117 rows × 9 columns

Now, let’s try the explore function again!

gdf.explore()
Make this Notebook Trusted to load map: File -> Trust Notebook

We can pan, zoom, and hover over each point … hovering shows the values of all the columns in the Dataframe.

Now, let’s select just one column from the Dataframe and explore once again.

gdf.explore(column='USA_WIND')
Make this Notebook Trusted to load map: File -> Trust Notebook

Notice that the values aren’t in numerical order … they’re being treated as strings. Let’s explicitly set the USA_WIND column to be an integer (a 16-bit size is fine).

gdf['USA_WIND'] = gdf['USA_WIND'].astype('int16')
gdf.explore('USA_WIND')
Make this Notebook Trusted to load map: File -> Trust Notebook

By default, passing in one column of numerical values will color-code each value!

Things to try

On your own, create Jupyter notebooks and do the following:

  1. Select another storm from the historical record and plot its track.

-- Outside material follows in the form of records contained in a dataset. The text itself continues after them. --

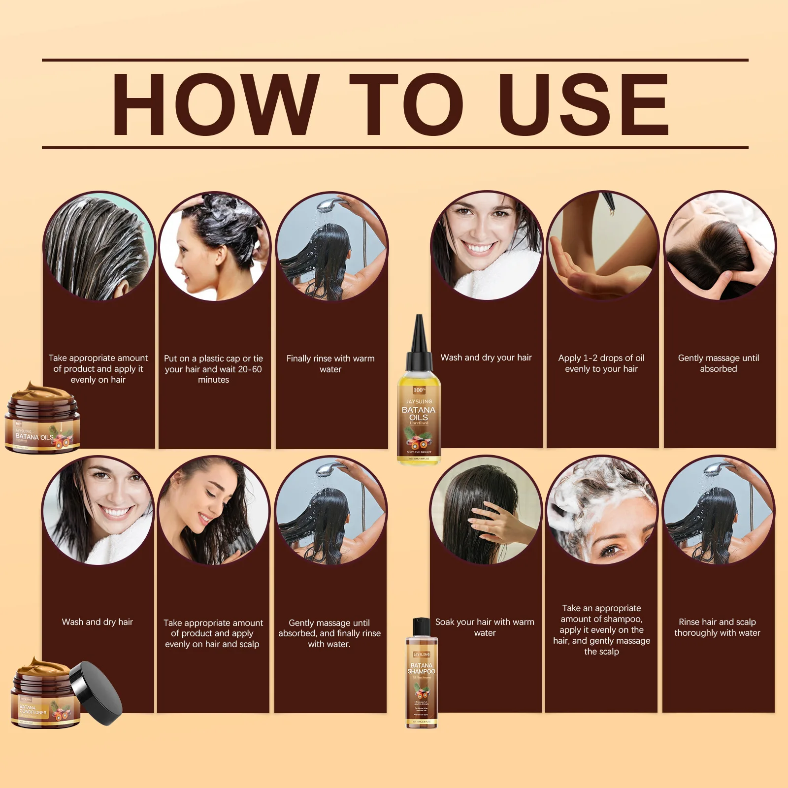 Jaysuing Hair Care Product Batana Oil Shampoo Conditioner Repair Split Ends Frizzy Damage Moisturize Smooth Shiny Keratin Hair Mask Serum
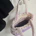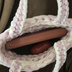 サイズは画像で確認ください 手編みの手提げバッグです 可愛く仕上がってますので気に入って下さった方の手に渡れば幸いです。 白はホワイトというより、オフホワイトです 閉じるためのマグネットはついておりません 気になるようであればご自身でリメイクしてあげてください。 Seriaなどに色んなマグネット売ってあります(。・・。)♡ 参考資料として スマホ(GALAXYs10)とイヤホンが入りますが 結構ギリギリです スマホは立てるとはみ出します 折りたたみ財布、ハンカチ、リップなど コンビニとか軽いお出かけにオススメです ※スマホとイヤホンは付属しておりません。 最後の画像の紫バッグは別ページで販売中のため 付属されません 丁寧に編んでおりますが素人のハンドメイドの作品ですので、編み目の不揃いや歪みがありますことをご了承ください。 完璧を求める方はご遠慮ください デバイスのご使用環境等により、実際の商品と比較して色味等が若干異なって見える場合があります。 ご購入者様の都合での返品交換はお受けできません。 予めご了承ください。
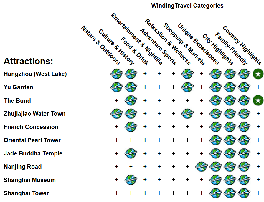 | French Concession | Wander through the French Concession, a historic area with tree-lined streets, trendy cafes, boutique shops, and charming colonial-era architecture. |
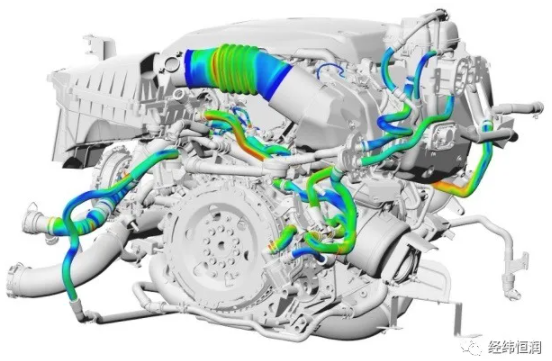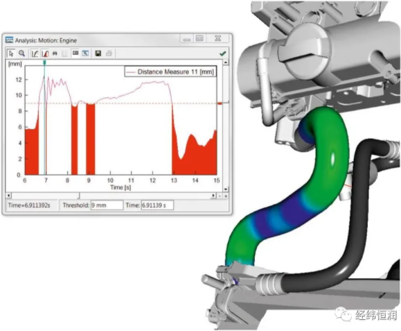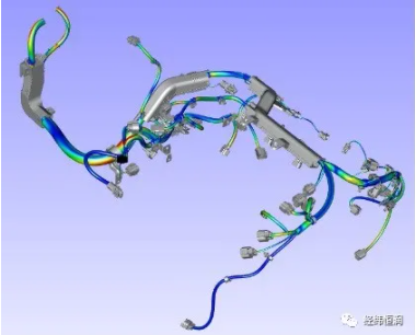 可对运动部位的管线实时仿真,动态展示管线的空间变形、弯扭状态以及应力分布,公差分析,生成扫掠体积模型,同时针对管线上卡扣卡箍等固定点的受力分析。进行发动机周边管线的振动及疲劳分析。
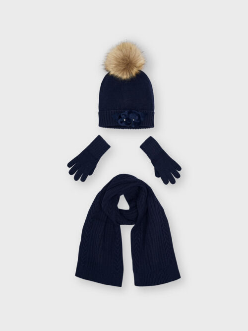Set bleumarin căciulă și fular floare fetițe Mayoral

  2. Instead of just one specific named storm, create a Dataframe including all storms from a particular year … or multiple years. Then plot the tracks of all storms from that year. Can you find a way to clearly show what track goes with each storm?

  3. Examine the Geopandas website and experiment with different visualizations, either from the iBTrACS database or another dataset of interest to you.